The Hadamard Product for the Riemann zeta function is given by
$\zeta(s) = \frac{e^{[\ln(2\pi)-1-\gamma/2]s}}{2(s-1)\Gamma(1+\frac{s}{2})}\prod_{\rho}(1-\frac{s}{\rho})\exp(\frac{s}{\rho}),$
compare http://mathworld.wolfram.com/HadamardProduct.html, where the infinite product is taken over all nontrivial zeros, counting their multiplicity. From this it trivially follows that
$\zeta(s+\frac{1}{2}) = \frac{e^{[\ln(2\pi)-1-\gamma/2](s+\frac{1}{2})}}{2(s-\frac{1}{2})\Gamma(1+\frac{s+\frac{1}{2}}{2})}\prod_{\rho}(1-\frac{s+\frac{1}{2}}{\rho})\exp(\frac{s+\frac{1}{2}}{\rho})$.
But as the nontrivial zeros of $\zeta(s+\frac{1}{2})$ correspond one-to-one to the nontrivial zeros of $\zeta(s)$, the former ones being shifted $\frac{1}{2}$ to the left with respect to the latter ones, it may also, I guess, be written as
$\zeta(s+\frac{1}{2}) = \phi(s)\prod_{\rho}(1-\frac{s}{\rho-\frac{1}{2}})\exp(\frac{s}{\rho-\frac{1}{2}}),$
for some function $\phi(s)$, with the infinite product being taken over the exact same zeros as before. My question is now: What is $\phi(s)$ given by?, as a closed expression, i.e., without any infinite product.
Update [as a result of the comments below]: To find $\phi(s)$, I need to evaluate the following infinite product:
$\prod_{\rho} \frac{(1-\frac{s+\frac{1}{2}}{\rho})\exp(\frac{s+\frac{1}{2}}{\rho})}{(1-\frac{s}{\rho-\frac{1}{2}})\exp(\frac{s}{\rho-\frac{1}{2}})} = \prod_{\rho} (1-\frac{1}{2\rho})\times\prod_{\rho}\exp(\frac{2\rho-2s-1}{2\rho(2\rho-1)}),$
here generally assuming that the ratio of two infinite products is the infinite product of ratios. The first product is some constant, but the second product is not. How can I evaluate that latter one?
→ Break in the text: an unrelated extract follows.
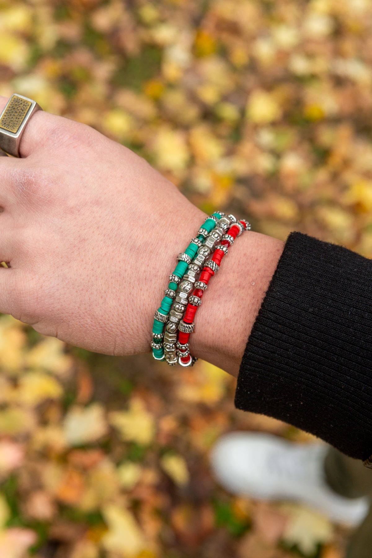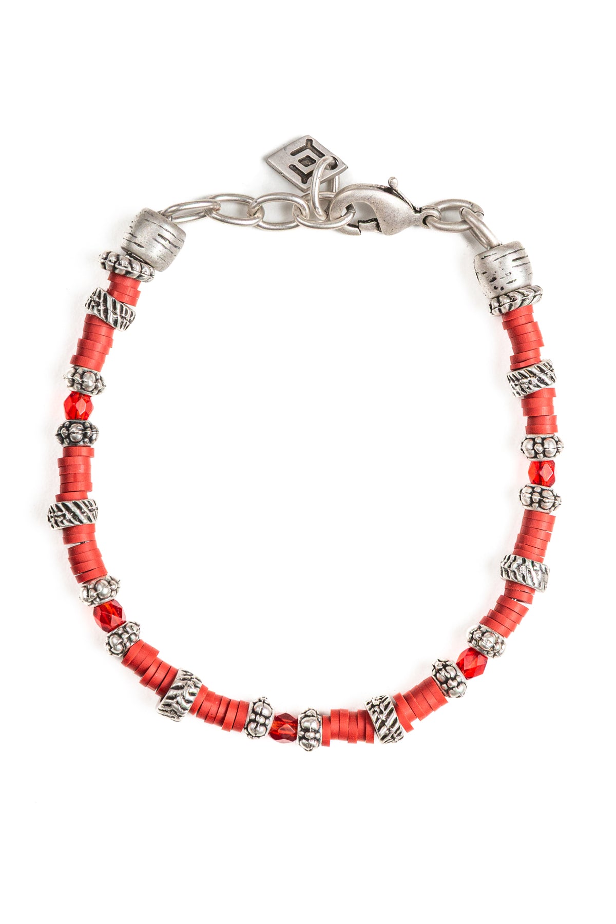 Il colore rosso è l'assoluto protagonista del bracciale Hio Rosso, infatti rondelle in fimo bianco e sfere in cristallo rosso sfaccettate sono alternate alle componenti in lega di zinco e alluminio galvanizzate in argento antico anallergico. Questo gioiello può essere abbinato a tutti i look: da quello classico per renderlo unico ad uno stile casual o rock.

I have now determined the function $\phi(s)$. It is given by
$\phi(s) = -\frac{\zeta(\frac{1}{2})\pi^{1+\frac{s}{2}}\sqrt{2}}{8(s-\frac{1}{2})\Gamma(\frac{3}{4})\Gamma(\frac{5}{4}+\frac{s}{2})}.$
The calculations leading to this result do not strike me as particularly trivial, as one of the commenters of my original question asserted.